Created on 05-30-2014 06:48 AM - edited 09-16-2022 01:59 AM
Platform info:
CDH 4.6.0 (without CM).
Server version: impalad version 1.3.1-cdh4 RELEASE (build 907481bf45b248a7bb3bb077d54831a71f484e5f)
Query that hangs:
set PARQUET_COMPRESSION_CODEC=gzip;
INSERT INTO TABLE t2 PARTITION(dt) SELECT * FROM t WHERE dt='2014-05-27-00';
Info about tables:
t - parquet format, without any compression ~9.9GB data.
t2 - schema is copied from t table - parquet format.
Have inserted same data to other table with set PARQUET_COMPRESSION_CODEC=snappy; and it worked well. But gzip comppresion is somehow hanging whole query.

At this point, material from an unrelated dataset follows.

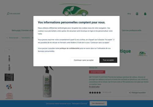 Pour le lavage intérieur de votre voiture, il est nécessaire d'utiliser des produits d'entretien voiture. La plupart des produits destinés au lavage voiture commercialisés en France sont produits fabriqués à l'étranger et sont polluants. Notre produit BIO et fabriqué en France est un rénovateur plastique qui vous permet nettoyer votre tableau de bord ou vos bas de portières par exemple. Vos plastiques seront rénovés et nettoyés ! Ce produit est destinés à tous les automobilistes souhaitant procéder au nettoyage de leur voiture ( nettoyage voiture particulier et professionnel ). Ce produit issu de la chimie verte et certifié "Ecocert" est un produit de nettoyage voiture très efficace qui a pour fonction de rénover vos plastiques voiture.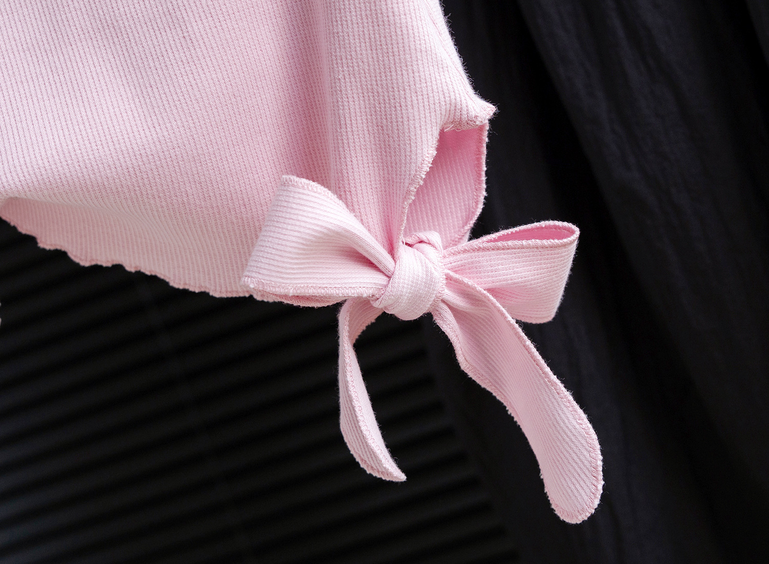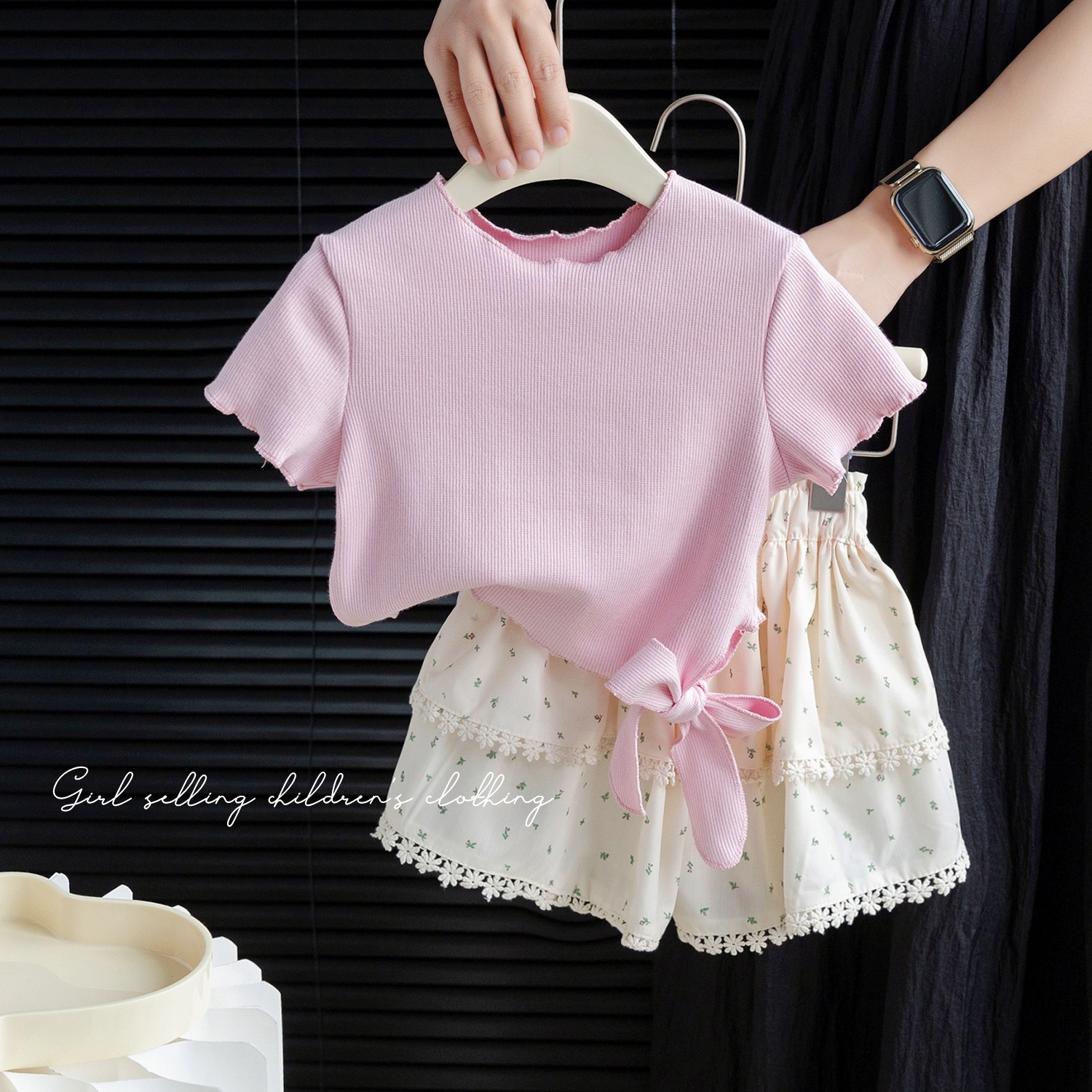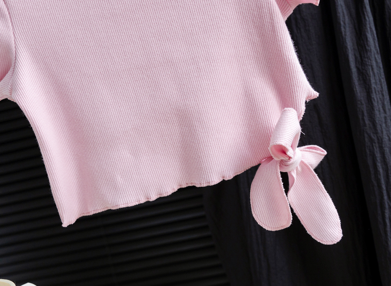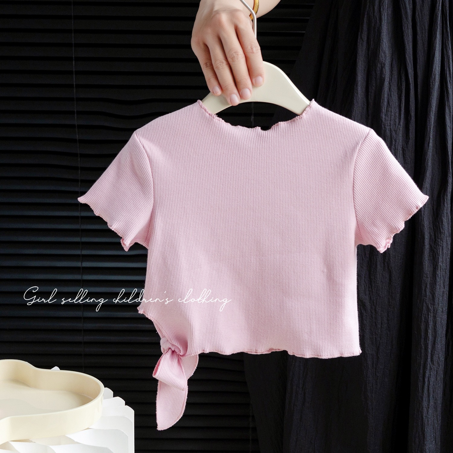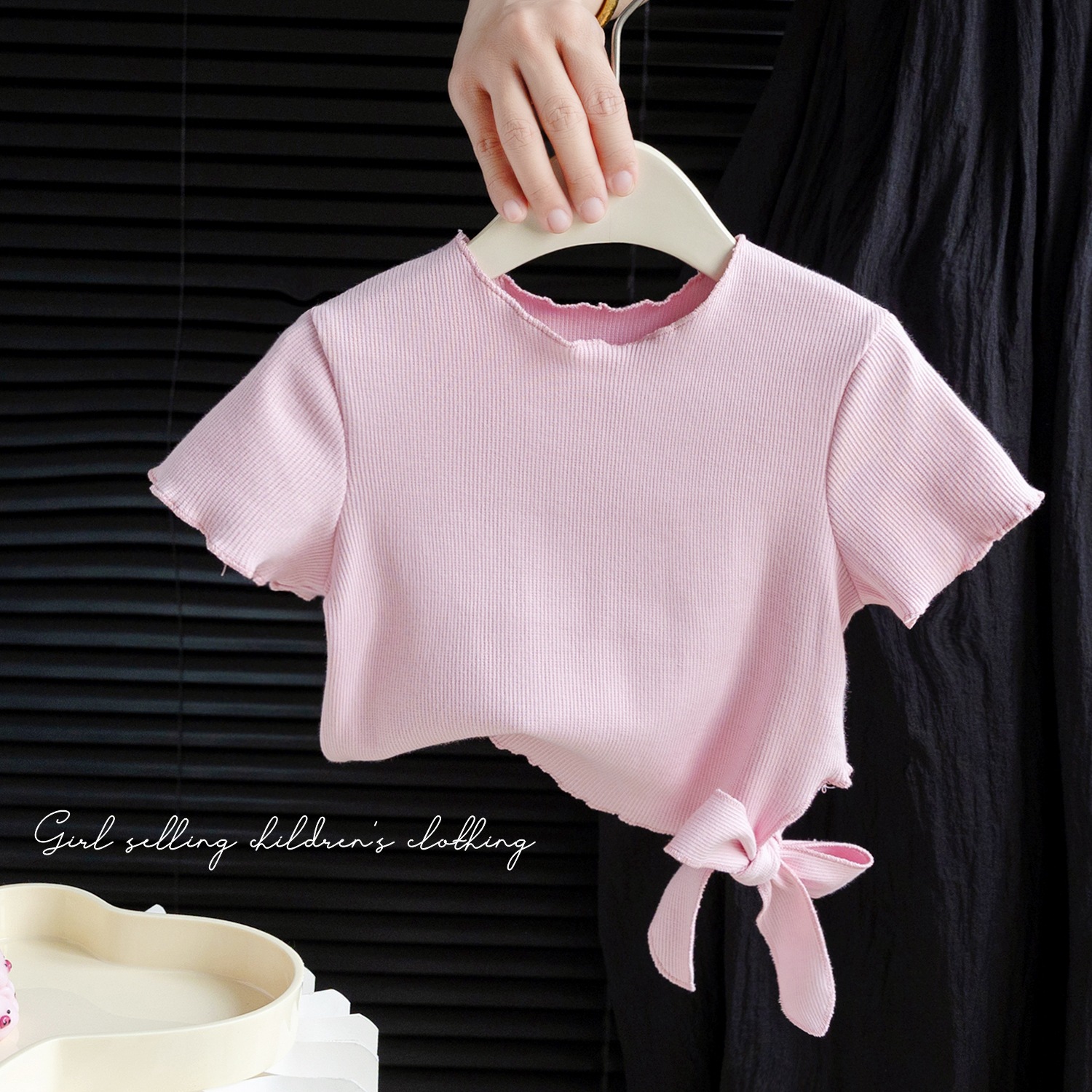 한국 아동복 소녀 반팔 티셔츠 2025 여름 새로운 유행과 세련된 아기 소녀 나비 넥타이 탑

Query profile log hanged on this: http://pastebin.com/MWcpUQiA
impala-server.log has this to say:
FSDataOutputStream#close error:
org.apache.hadoop.ipc.RemoteException(org.apache.hadoop.hdfs.server.namenode.LeaseExpiredException): No lease on /user/hive/warehouse/db.db/table/.impala_insert_staging/ad4de1e28a843230_b5aeba0046576e96/.ad4de1e28a843230-b5aeba0046576e97_1592503968_dir/dt=2014-05-27-00/ad4de1e28a843230-b5aeba0046576e97_1536053034_data.2: File does not exist. Holder DFSClient_NONMAPREDUCE_-1006280791_1 does not have any open files.
at org.apache.hadoop.hdfs.server.namenode.FSNamesystem.checkLease(FSNamesystem.java:2543)
at org.apache.hadoop.hdfs.server.namenode.FSNamesystem.analyzeFileState(FSNamesystem.java:2360)
at org.apache.hadoop.hdfs.server.namenode.FSNamesystem.getAdditionalBlock(FSNamesystem.java:2273)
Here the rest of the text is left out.